The applications of genetic algorithms (GAs) in solving combinatorial problems are frequently faced with a problem of early convergence and the evolutionary processes are often trapped in a local optimum. This premature convergence occurs when the population of a genetic algorithm reaches a suboptimal state that the genetic operators can no longer produce offspring with a better performance than their parents. In the literature, plenty of work has been investigated to introduce new methods and operators in order to overcome this essential problem of genetic algorithms. As these methods and the belonging operators are rather problem specific in general. In this research, we take a different approach by constantly observing the progress of the evolutionary process and when the diversity of the population dropping below a threshold level then artificial chromosomes with high diversity will be introduced to increase the average diversity level thus to ensure the process can jump out the local optimum and to revolve again. A dynamic threshold control mechanism is built up during the evolutionary process to further improve the system performance. The proposed method is implemented independently of the problem characteristics and can be applied to improve the global convergence behavior of genetic algorithms. The experimental results using TSP instances show that the proposed approach is very effective in preventing the premature convergence when compared with other approaches.
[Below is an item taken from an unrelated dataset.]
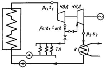 до давления рот6, необходимого для теплового потребителя, и части низкого давления (ЧНД), где пар расширяется до давления р 2 в конденсаторе. Через ЧВД проходит весь пар, вырабатываемый котлоагрегатом. Часть его

机译:遗传算法(GA)在解决组合问题中的应用经常面临早期收敛的问题,并且进化过程经常陷入局部最优中。当遗传算法的种群达到次优状态时,就会发生这种过早的收敛,即遗传算子不能再生产出性能比其父代更好的后代。在文献中,已经进行了大量工作以引入新方法和运算符,以克服遗传算法的这一基本问题。由于这些方法和所属运算符通常都是特定于问题的。在这项研究中,我们通过不断观察进化过程的进展,采用不同的方法,当种群的多样性降至阈值水平以下时,将引入具有高多样性的人工染色体以提高平均多样性水平,从而确保这一过程可以跳出局部最优值并再次旋转。在进化过程中建立了动态​​阈值控制机制,以进一步提高系统性能。该方法的实现与问题特征无关,可用于改善遗传算法的全局收敛性。使用TSP实例的实验结果表明,与其他方法相比,该方法在防止过早收敛方面非常有效。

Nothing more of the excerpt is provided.